I am still concerned about the insurance issues we are facing now. There does not seem to be enough control. We have seen buildings insurance soaring by hundreds of per cent. I am not sure what protections there are against that happening. We have tried to report it to the FCA and the CMA, but are simply told that the responses are not as constructive or helpful as they could be.
Everything needs to be looked at again—even the building safety charge itself. When it was first drafted, I remember a meeting with one of the deputy directors of MHCLG where they said they did not really know much it was going to be. It was an academic exercise. Even the numbers in the current impact assessment say it will be £16 a month. It might be £42 or £26 a month. For existing buildings it should be more. No one really knows. As some industry figures have started to look at it, it might well be hundreds of pounds a month. There needs to be an overarching, holistic look at service charges and building safety charges. That would be the first thing.

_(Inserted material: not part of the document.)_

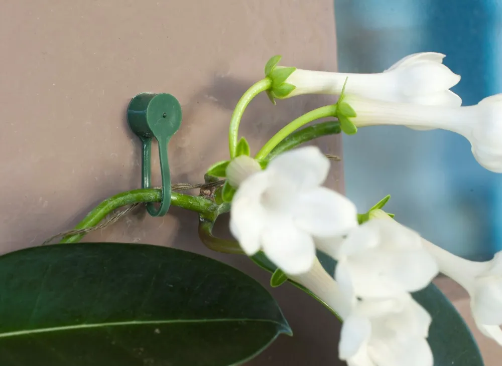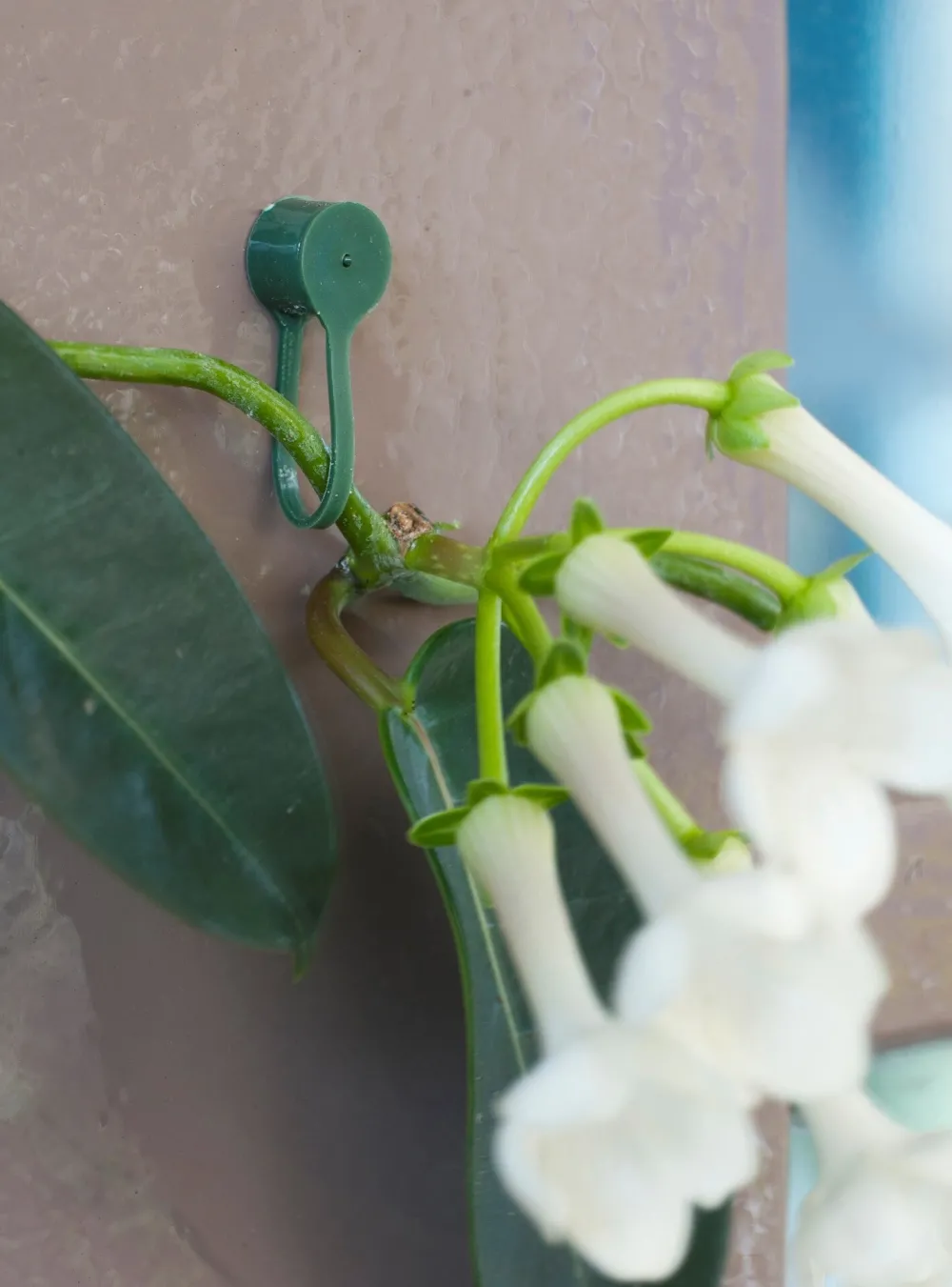 Pflanzenklammern aus grünem Polyethylen (PE) mit Schnappverbindung von Nature zum Stützen der Zweige von Kletterpflanzen. Das Set besteht aus 15 Pflanzenklammern und ist geeignet für einen Zweigdurchmesser von maximal 15 mm. Du piekst die Klammern, ähnlich einer Reißzwecke, in den Holzzaun oder einen anderen Untergrund, der dafür geeignet ist, führst den zu stützenden Zweig hindurch und lässt die Klammer zuschnappen. So hat deine Pflanze eine gute Stütze und kann sicher weiterranken.

To go back to Liam’s point about the McPartland-Smith amendment, that is what we are hoping the Conservatives will look at and realise that, yes, residents must be protected now, because they are the innocent people.
Q
Giles Grover: Thank you for the question, Ian. Resident engagement is key. As we saw last night—those of you who watched “Grenfell: The Untold Story”—if there had been sufficient resident engagement in 2015 and 2016, would the events of June 2017 have happened? I do not think they would have. It is important to have resident engagement, but, as we have seen, as lot of these things are very much tick-box exercises. Recently—or not so recently—the National Fire Chiefs’ Council updated its guidance on simultaneous evacuation and interim measures such as waking watch to say that residents should be consulted and cost-benefit options should be explored. That never happens in practice.
What is there actually to make it happen? The Government do not want to legislate for a resident group in each building. I can understand the reasons for that, but what is to stop the responsible person, the council entities, from just saying, “We have tried to engage residents. We put a few flyers up and gave a form out.” There needs to be a more positive obligation on them to actually engage residents than there seems to be now.
Liam Spender: I wholeheartedly endorse all of that. The answer to Ian’s question is that the residents engagement strategy in the Bill is not up to scratch. The problem is that the rules are being made now by statutory instruments in close consultation with industry. There is no amount of resident engagement strategy or vision that can overcome that issue. Once the regulations are made, there will be limited room for manoeuvre. I think there needs to be resident representation on the rule-making bodies to ensure we actually have a genuine residents’ voice, rather than a couple of cul-de-sacs that freeholders, managing agents, responsible persons—whatever title they are being given in the Bill—can lead residents down without there being any meaningful input.
So just a small question to start with.
Giles Peaker: The immediate impact on building practices is not clear. One would hope that, under the new regime, buildings might become, and be kept, safer. The immediate impact on building premises that we know have not been great is hard to see. Frankly, without stronger liability for the building sector, that is unlikely to change.